*** Information provided Section Begins ***

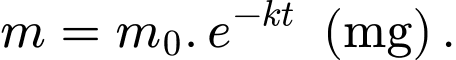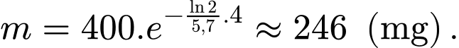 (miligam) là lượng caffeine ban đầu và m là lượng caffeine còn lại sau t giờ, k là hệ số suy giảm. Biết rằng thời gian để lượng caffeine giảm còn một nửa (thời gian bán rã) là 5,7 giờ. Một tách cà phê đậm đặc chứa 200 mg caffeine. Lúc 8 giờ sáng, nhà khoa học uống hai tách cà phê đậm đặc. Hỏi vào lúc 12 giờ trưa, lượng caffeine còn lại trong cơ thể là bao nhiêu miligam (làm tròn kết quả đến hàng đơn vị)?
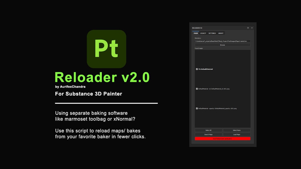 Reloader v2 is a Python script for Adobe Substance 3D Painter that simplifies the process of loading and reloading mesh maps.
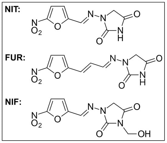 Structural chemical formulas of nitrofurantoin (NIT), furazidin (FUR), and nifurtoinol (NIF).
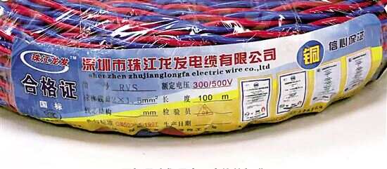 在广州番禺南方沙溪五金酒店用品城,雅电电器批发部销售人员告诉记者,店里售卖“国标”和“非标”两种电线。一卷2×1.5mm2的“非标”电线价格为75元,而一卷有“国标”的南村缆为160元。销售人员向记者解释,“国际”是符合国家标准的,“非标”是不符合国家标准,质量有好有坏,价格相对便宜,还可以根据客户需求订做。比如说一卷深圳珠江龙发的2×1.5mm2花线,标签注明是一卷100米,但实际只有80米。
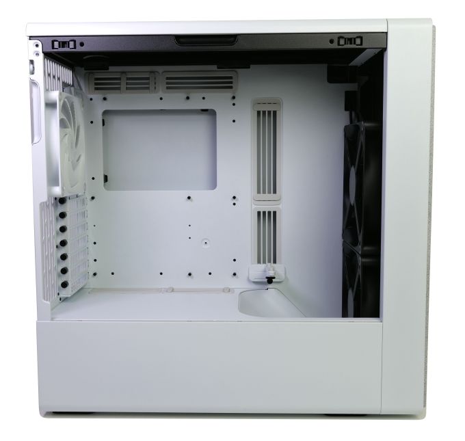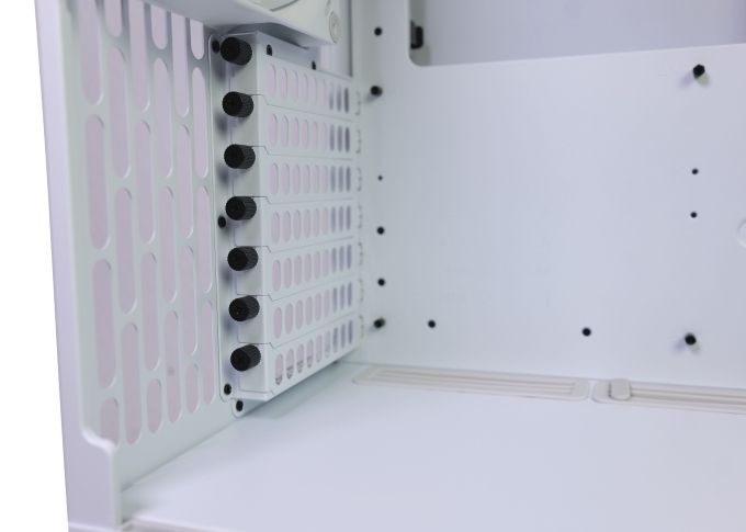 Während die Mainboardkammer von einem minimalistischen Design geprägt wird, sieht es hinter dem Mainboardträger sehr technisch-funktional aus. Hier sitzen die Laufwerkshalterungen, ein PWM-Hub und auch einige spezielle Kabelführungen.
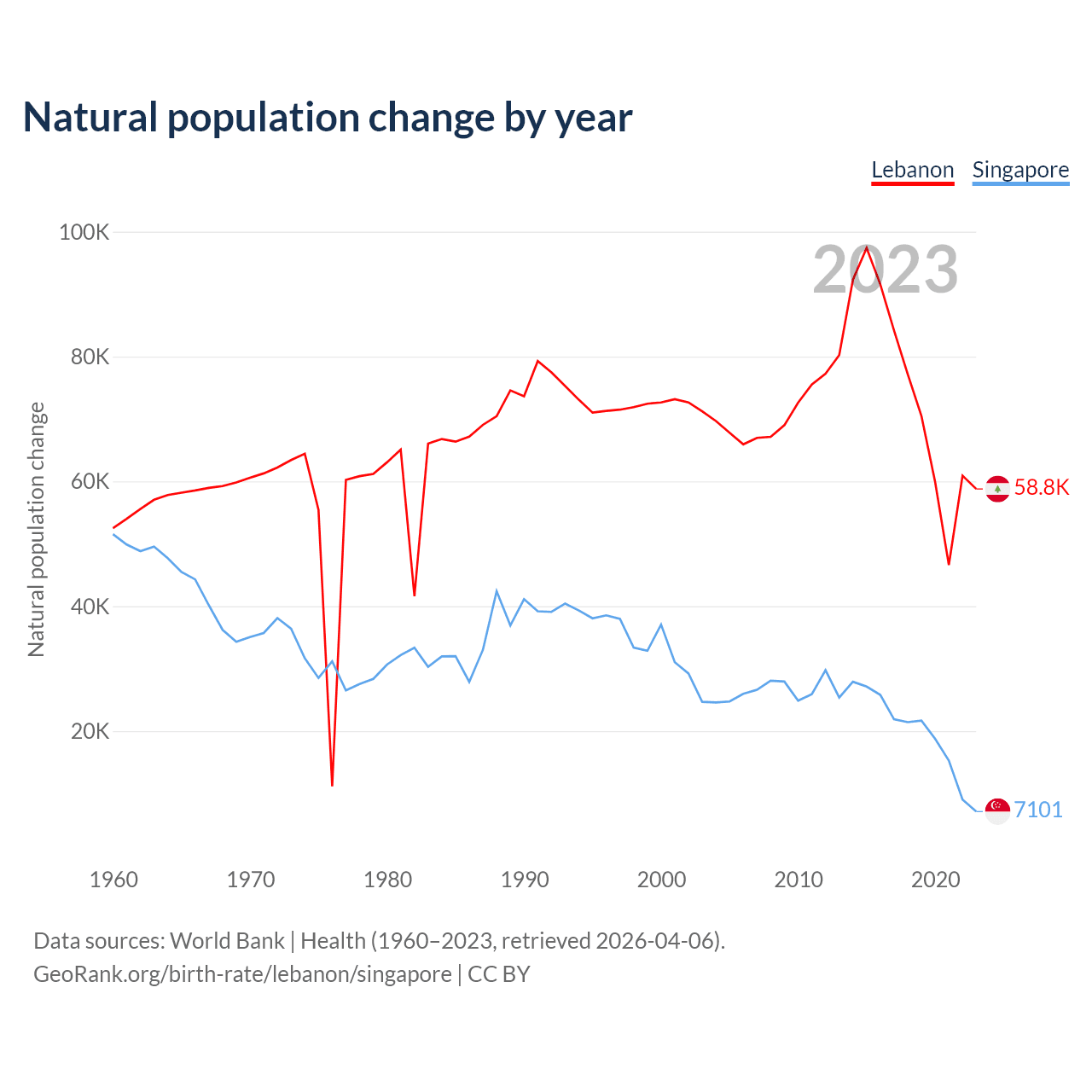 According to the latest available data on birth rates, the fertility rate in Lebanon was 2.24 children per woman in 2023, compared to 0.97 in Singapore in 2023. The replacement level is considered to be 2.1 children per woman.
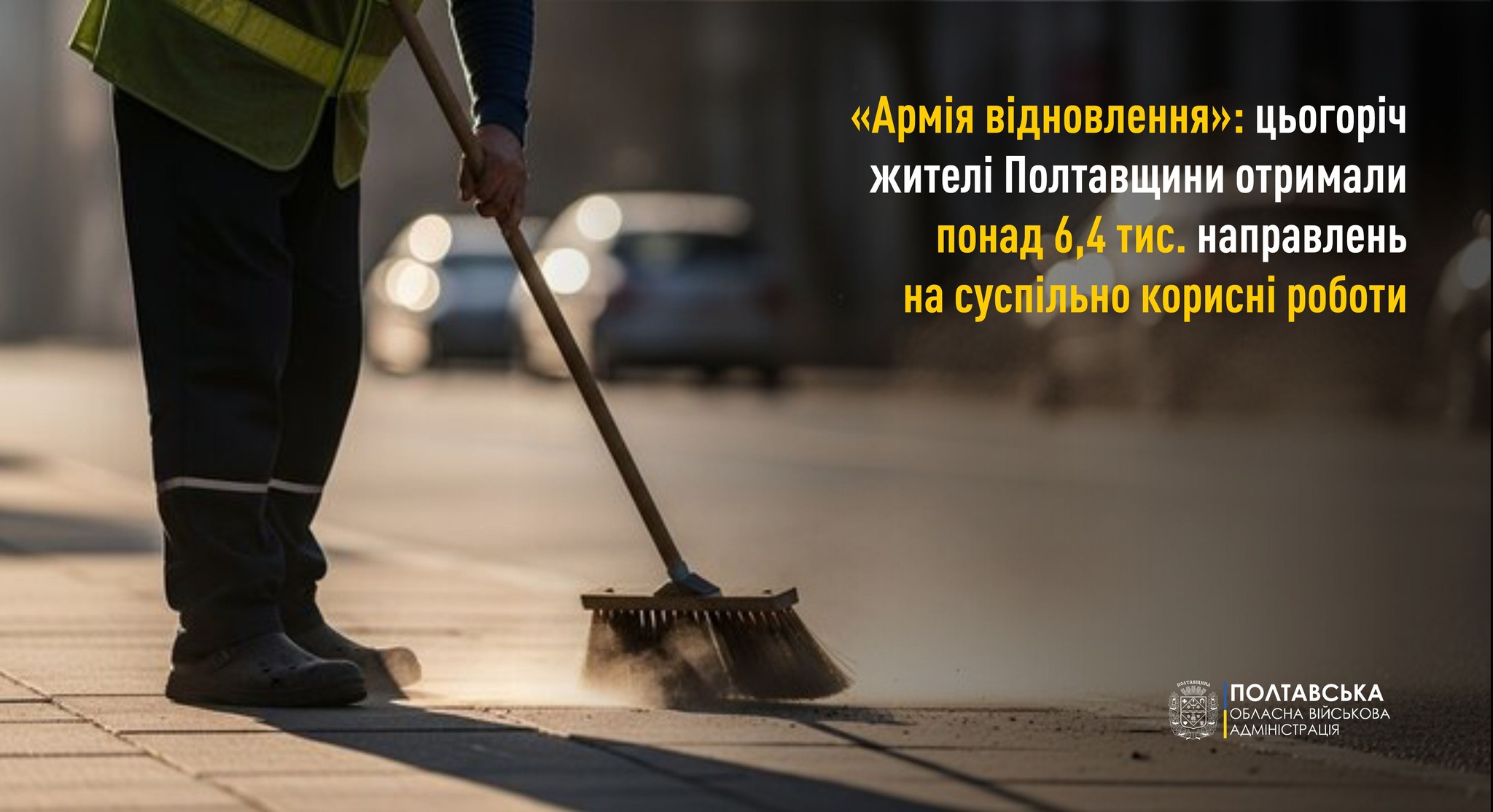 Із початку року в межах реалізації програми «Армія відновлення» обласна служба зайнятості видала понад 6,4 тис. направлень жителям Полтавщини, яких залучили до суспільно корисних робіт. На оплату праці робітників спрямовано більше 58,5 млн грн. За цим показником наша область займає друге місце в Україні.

*** Information provided Section Ends ***
*** Information provided Section Begins ***

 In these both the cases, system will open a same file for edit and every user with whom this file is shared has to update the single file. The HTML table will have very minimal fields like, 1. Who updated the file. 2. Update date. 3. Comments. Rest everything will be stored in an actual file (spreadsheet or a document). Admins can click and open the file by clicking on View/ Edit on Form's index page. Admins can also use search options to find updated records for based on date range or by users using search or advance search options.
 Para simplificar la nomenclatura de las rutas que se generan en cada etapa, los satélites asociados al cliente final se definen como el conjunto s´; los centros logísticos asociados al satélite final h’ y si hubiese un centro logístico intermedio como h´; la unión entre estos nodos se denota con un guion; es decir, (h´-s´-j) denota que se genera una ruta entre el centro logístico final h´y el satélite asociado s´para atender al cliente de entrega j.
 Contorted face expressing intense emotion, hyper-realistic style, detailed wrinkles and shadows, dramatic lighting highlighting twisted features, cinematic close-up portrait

*** Information provided Section Ends ***
*** Information provided Section Begins ***

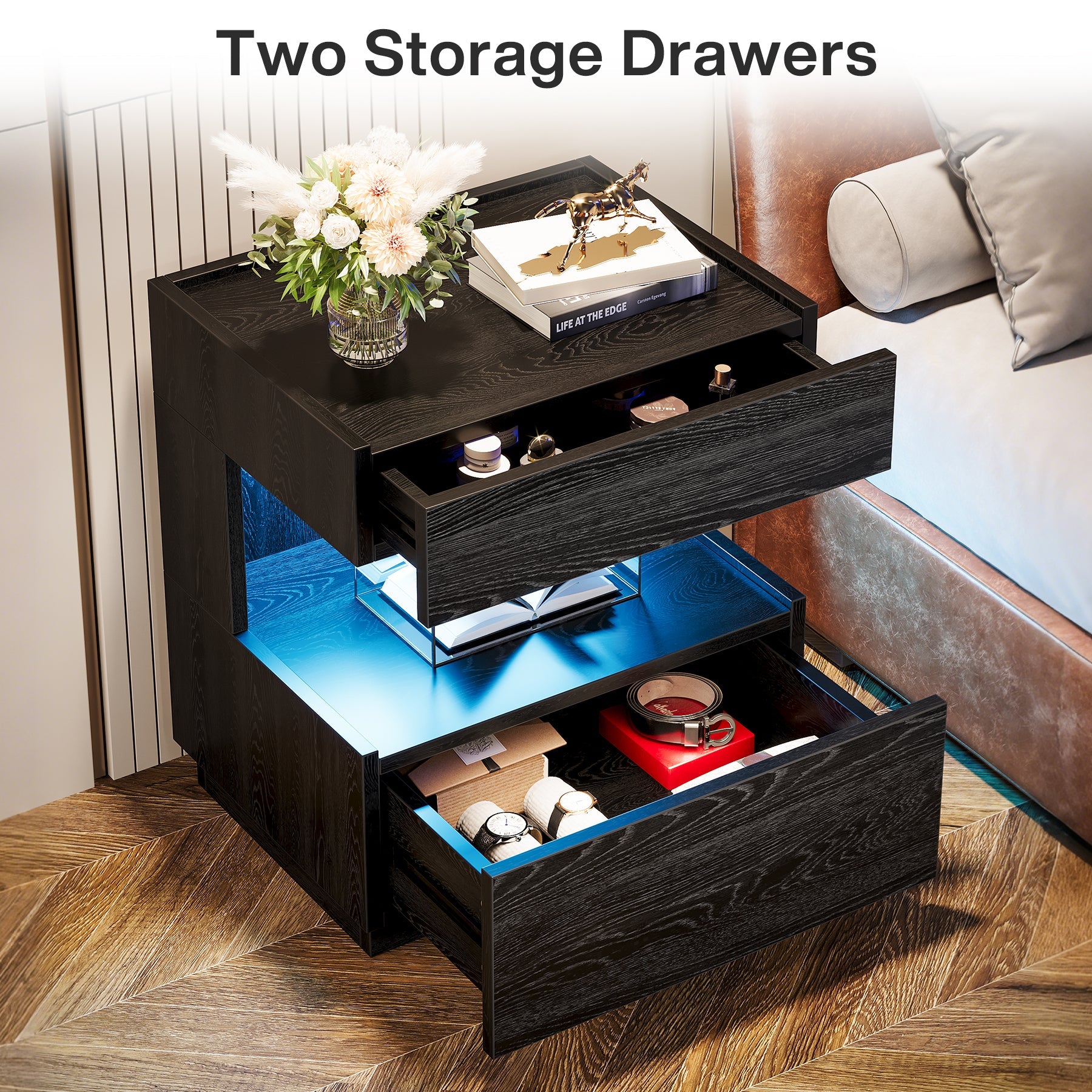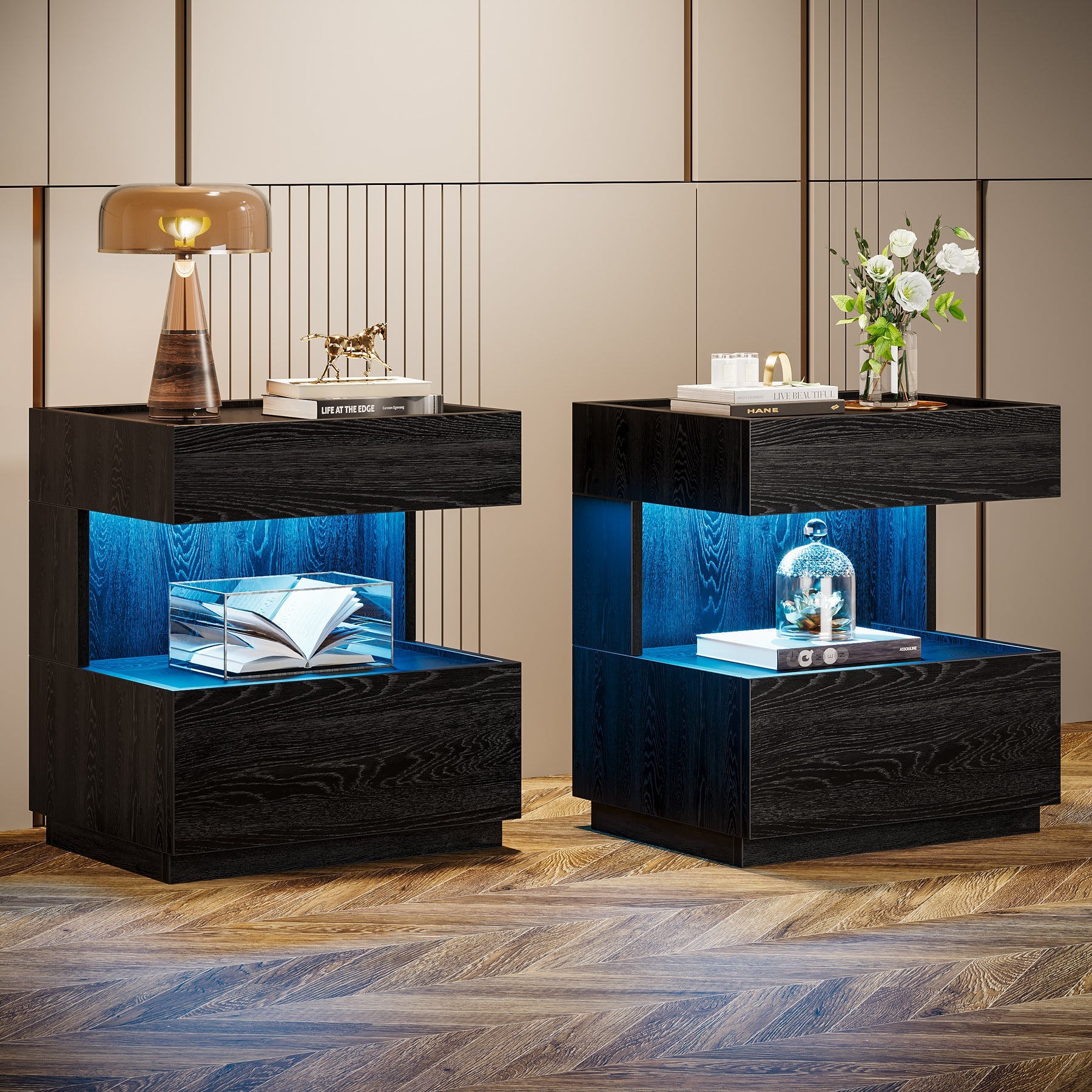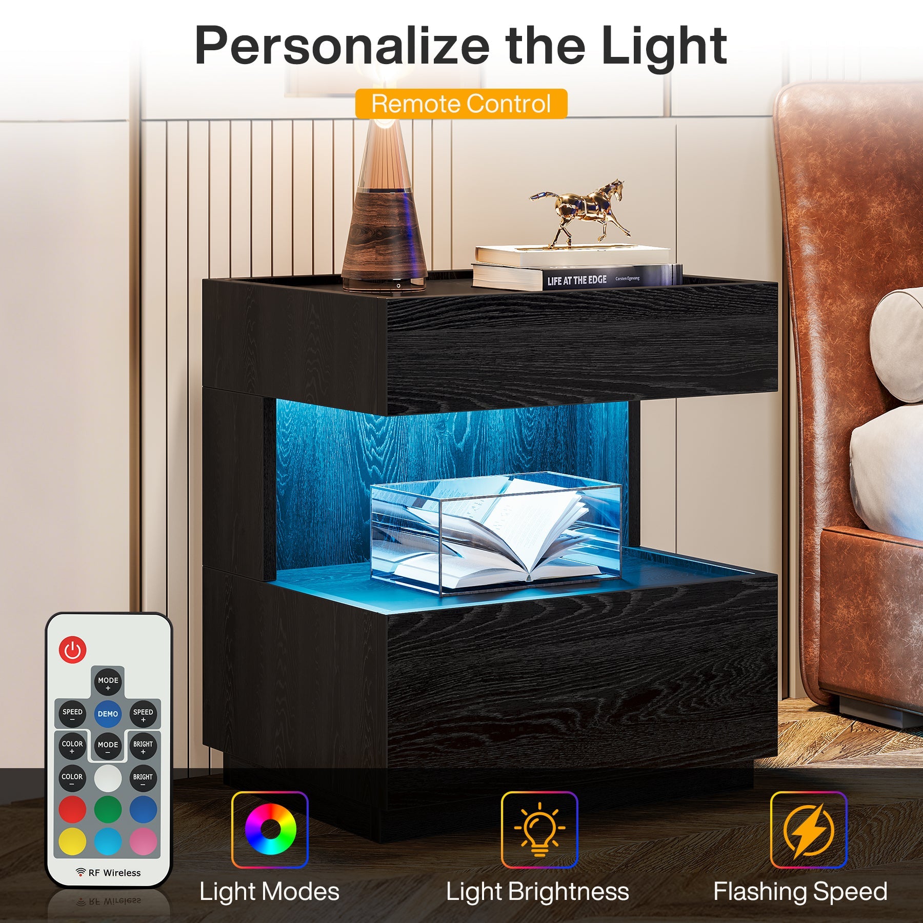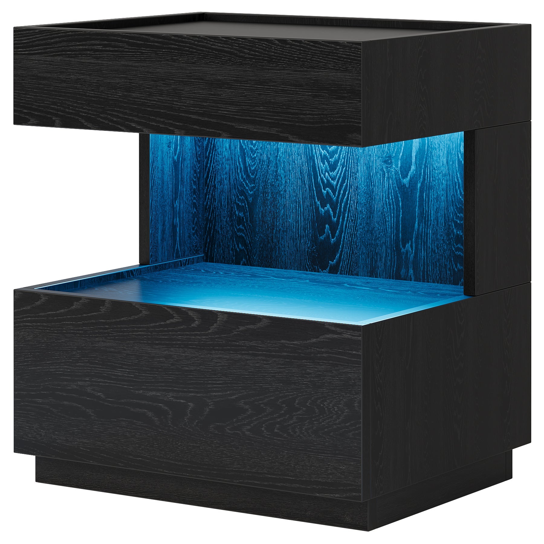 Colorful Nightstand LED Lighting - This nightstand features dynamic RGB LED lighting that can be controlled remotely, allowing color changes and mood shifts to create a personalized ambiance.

*** Information provided Section Ends ***

Exercise instructions - Please output the lines above beginning at the line with "According to the" and ending after the line with "Із початку року", precisely as written and with no pictures.

Solution to this problem -
 According to the latest available data on birth rates, the fertility rate in Lebanon was 2.24 children per woman in 2023, compared to 0.97 in Singapore in 2023. The replacement level is considered to be 2.1 children per woman.
 Із початку року в межах реалізації програми «Армія відновлення» обласна служба зайнятості видала понад 6,4 тис. направлень жителям Полтавщини, яких залучили до суспільно корисних робіт. На оплату праці робітників спрямовано більше 58,5 млн грн. За цим показником наша область займає друге місце в Україні.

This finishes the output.